If you have a bonded system, then the settings of special_bonds command can remove pairwise interactions between atoms in the same bond, angle, or dihedral. This is the default setting for the special_bonds command, and means those pairwise interactions do not appear in the neighbor list. Because this fix uses the neighbor list, it also means those pairs will not be included in the calculation. One way to get around this, is to write a dump file, and use the rerun command to compute the bispectrum components for snapshots in the dump file. The rerun script can use a special_bonds command that includes all pairs in the neighbor list.
Compute sna/atom calculates a per-atom array, each column corresponding to a particular bispectrum component. The total number of columns and the identity of the bispectrum component contained in each column depend on the values of twojmax and diagonal, as described by the following piece of python code:
for j1 in range(0,twojmax+1): if(diagonal==2): print j1/2.,j1/2.,j1/2. elif(diagonal==1): for j in range(0,min(twojmax,2*j1)+1,2): print j1/2.,j1/2.,j/2. elif(diagonal==0): for j2 in range(0,j1+1): for j in range(j1-j2,min(twojmax,j1+j2)+1,2): print j1/2.,j2/2.,j/2. elif(diagonal==3): for j2 in range(0,j1+1): for j in range(j1-j2,min(twojmax,j1+j2)+1,2): if (j>=j1): print j1/2.,j2/2.,j/2.
Compute snad/atom evaluates a per-atom array. The columns are arranged into ntypes blocks, listed in order of atom type I. Each block contains three sub-blocks corresponding to the x, y, and z components of the atom position. Each of these sub-blocks contains one column for each bispectrum component, the same as for compute sna/atom
Compute snav/atom evaluates a per-atom array. The columns are arranged into ntypes blocks, listed in order of atom type I. Each block contains six sub-blocks corresponding to the xx, yy, zz, yz, xz, and xy components of the virial tensor in Voigt notation. Each of these sub-blocks contains one column for each bispectrum component, the same as for compute sna/atom
For example, if K =30 and ntypes=1, the number of columns in the per-atom arrays generated by sna/atom, snad/atom, and snav/atom are 30, 90, and 180, respectively. With quadratic value=1, the numbers of columns are 930, 2790, and 5580, respectively.

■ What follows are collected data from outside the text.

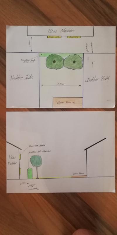 Unser Grundstück ist 8 Meter Link entfernt!1 zu unserem Garten steht in 3 Meter Entfernung ein Haus das im EG 2 Fenster und genau darüber im 1.OG auch zwei Fenster hatt.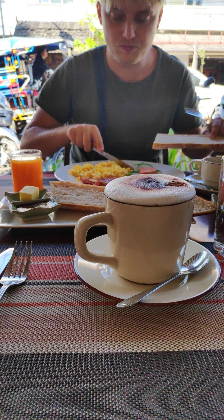 In Vientiane was Friso toe aan een rustdag. S'ochtends zijn we met z'n allen naar een French bakery geweest voor een overheerlijk ontbijt.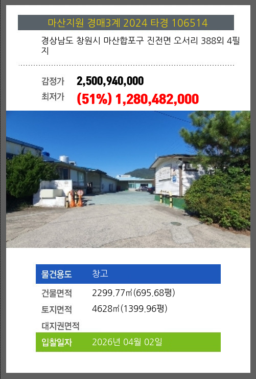 창원창고경매 창원시 마산합포구 진전면 오서리 388외 4필지 №2024 타경 106514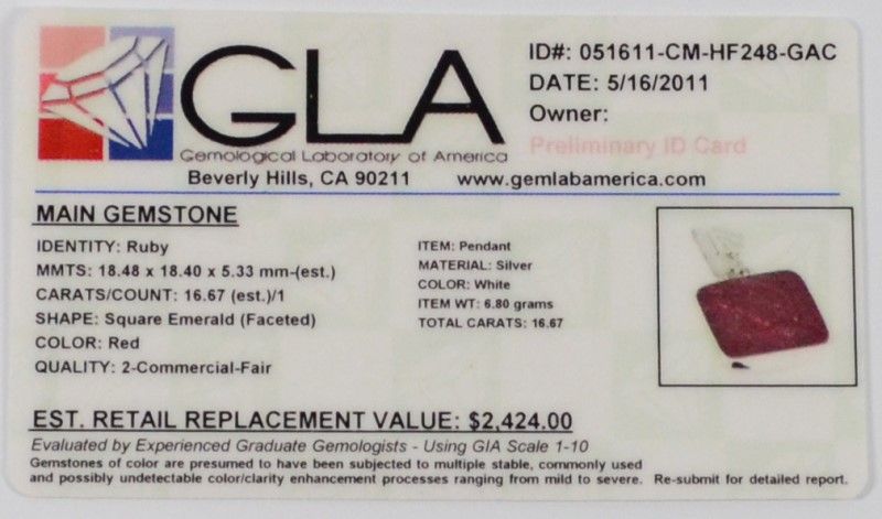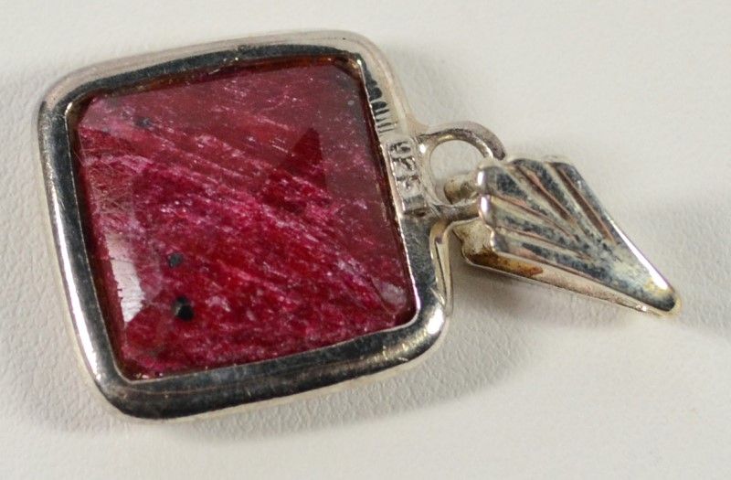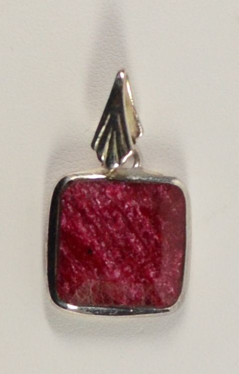 This is a Rough Cut Ruby set in .925 Sterling Silver Pendant. Emerald Cut Stone is a beautiful shade of natural red. 16.67 carats & weighs 6.8 grams. Gemological Laboratory of America estimates value at $2424.00. (Includes Paperwork)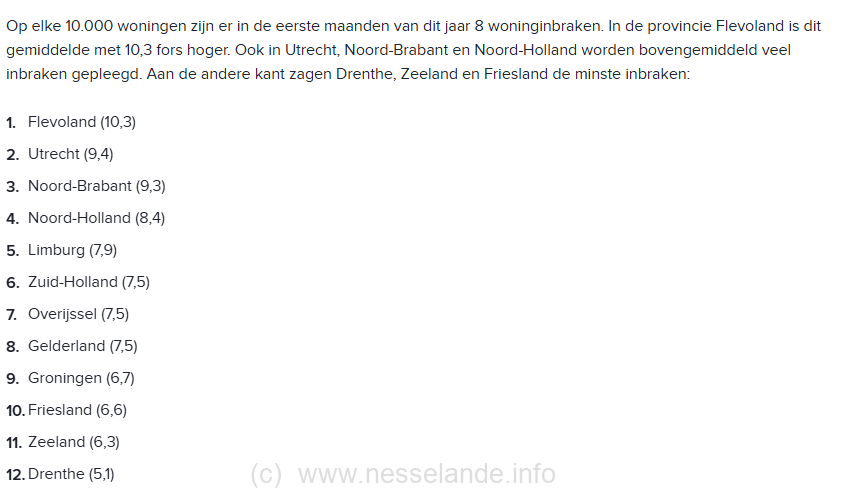 - Lisse: 13,2 inbraken per 10.000 woningen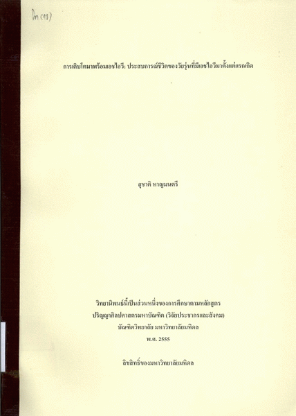 การเติบโตมาพร้อมเอชไอวี : ประสบการณ์ชีวิตของวัยรุ่นที่มีเอชไอวีมาตั้งแต่แรกเกิด / สุชาติ หาญมนตรี.

If the quadratic keyword value is set to 1, then additional columns are generated, corresponding to the products of all distinct pairs of bispectrum components. If the number of bispectrum components is K, then the number of distinct pairs is K(K+1)/2. For compute sna/atom these columns are appended to existing K columns. The ordering of quadratic terms is upper-triangular, (1,1),(1,2)…(1,K),(2,1)…(K-1,K-1),(K-1,K),(K,K). For computes snad/atom and snav/atom each set of K(K+1)/2 additional columns is inserted directly after each of sub-block of linear terms i.e. linear and quadratic terms are contiguous. So the nesting order from inside to outside is bispectrum component, linear then quadratic, vector/tensor component, type.
These values can be accessed by any command that uses per-atom values from a compute as input. See the Howto output doc page for an overview of LAMMPS output options.
These computes are part of the SNAP package. They are only enabled if LAMMPS was built with that package. See the Build package doc page for more info.
The optional keyword defaults are diagonal = 0, rmin0 = 0, switchflag = 1, bzeroflag = 1, quadraticflag = 0,
(Thompson) Thompson, Swiler, Trott, Foiles, Tucker, under review, preprint available at arXiv:1409.3880
(Bartok) Bartok, Payne, Risi, Csanyi, Phys Rev Lett, 104, 136403 (2010).
(Meremianin) Meremianin, J. Phys. A, 39, 3099 (2006).
(Varshalovich) Varshalovich, Moskalev, Khersonskii, Quantum Theory of Angular Momentum, World Scientific, Singapore (1987).